» **Requirement**
Everything in the listing below should be repeated exactly, apart from the pictures.

» **Recorded data**
*****
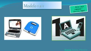 El documento detalla el modelo educativo 1 a 1, donde cada alumno tiene acceso a una computadora, promoviendo la interacción y el aprendizaje autónomo. Se presentan ejemplos de implementación en países como Uruguay, Chile, Argentina y Paraguay, destacando la reducción de la brecha digital y la mejora en la calidad educativa. Además, se enfatiza el papel del docente como guía y mediador en el uso de tecnologías para favorecer el aprendizaje.
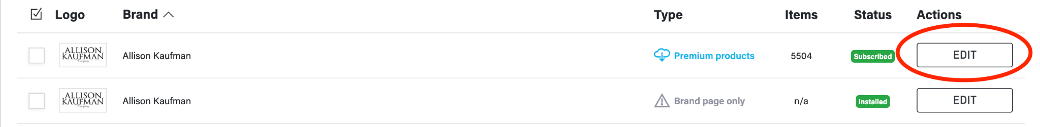 First, Log into SiteManager and navigate to Brands > Brand Subscriptions. On this page you will find all of our premium vendors, as well as brand pages you can install for other vendors that are not in our premium vendor program.
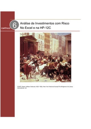 1) O documento discute riscos em investimentos financeiros e não financeiros, além de métodos para medir riscos e retornos esperados.
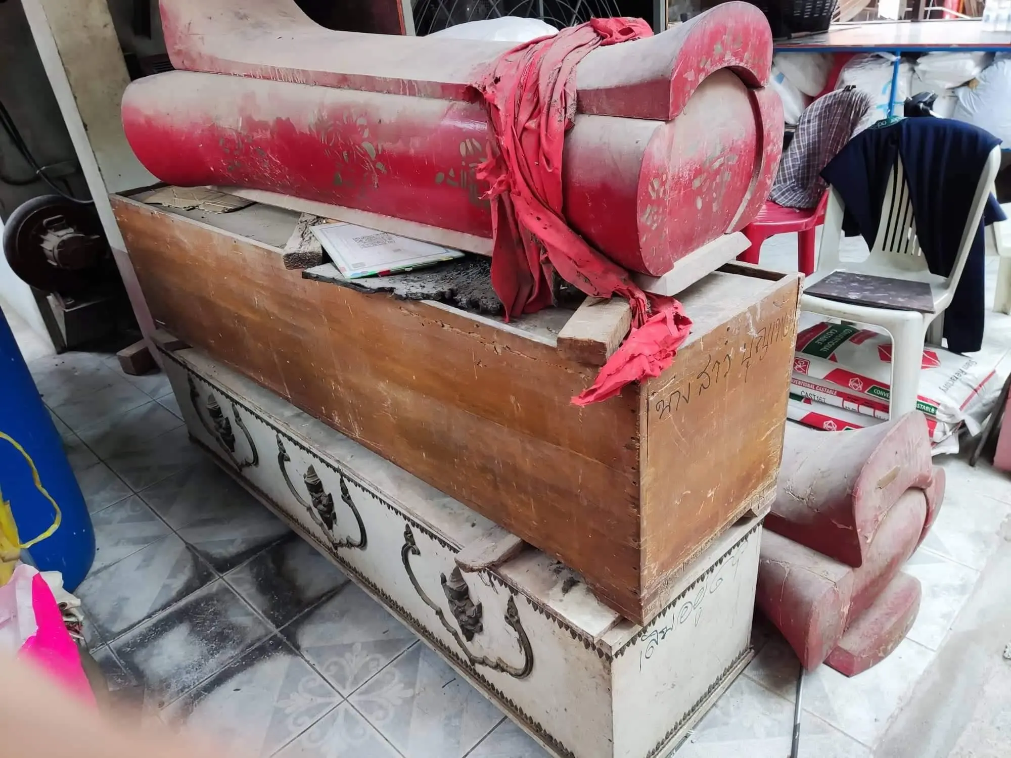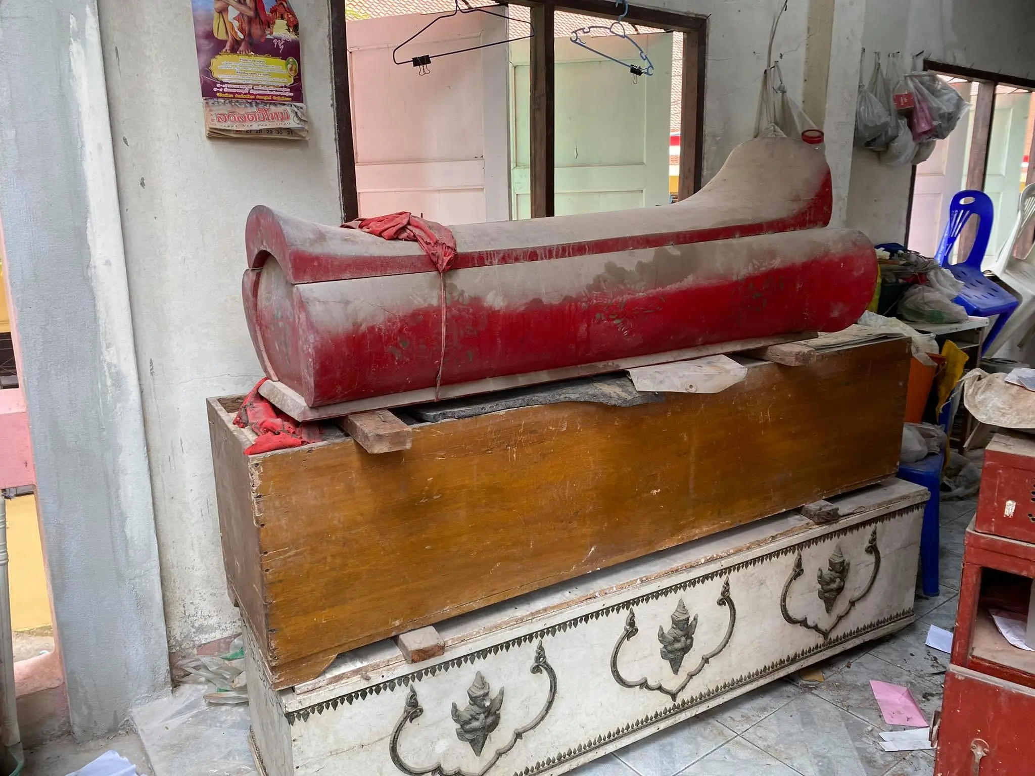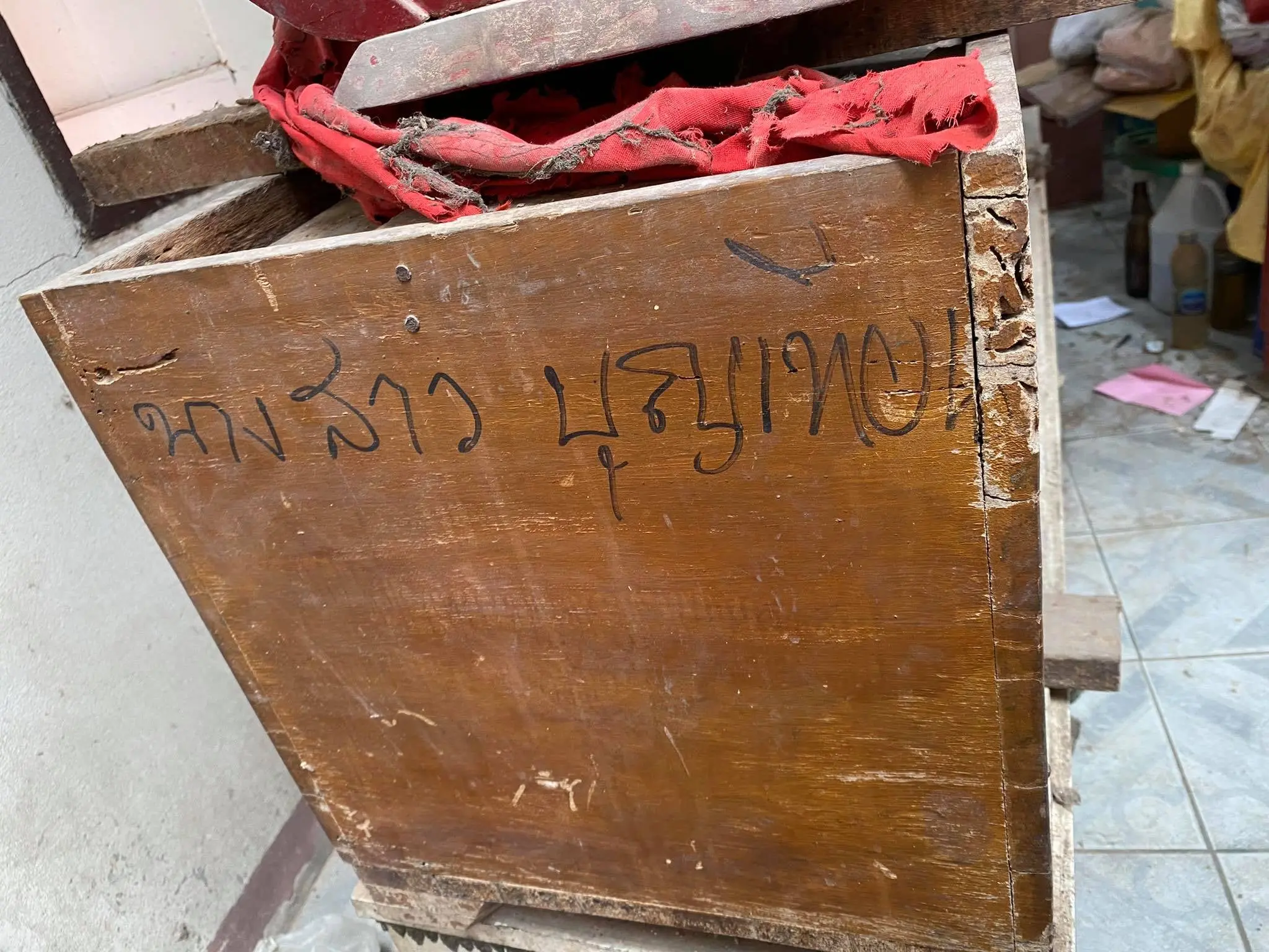 และ โลงเปล่าทรงจีนสีแดง ไม่ทราบนาม สกุลผู้ฝาก
*****
» **Result for this task**
 El documento detalla el modelo educativo 1 a 1, donde cada alumno tiene acceso a una computadora, promoviendo la interacción y el aprendizaje autónomo. Se presentan ejemplos de implementación en países como Uruguay, Chile, Argentina y Paraguay, destacando la reducción de la brecha digital y la mejora en la calidad educativa. Además, se enfatiza el papel del docente como guía y mediador en el uso de tecnologías para favorecer el aprendizaje.
 First, Log into SiteManager and navigate to Brands > Brand Subscriptions. On this page you will find all of our premium vendors, as well as brand pages you can install for other vendors that are not in our premium vendor program.
 1) O documento discute riscos em investimentos financeiros e não financeiros, além de métodos para medir riscos e retornos esperados.
 และ โลงเปล่าทรงจีนสีแดง ไม่ทราบนาม สกุลผู้ฝาก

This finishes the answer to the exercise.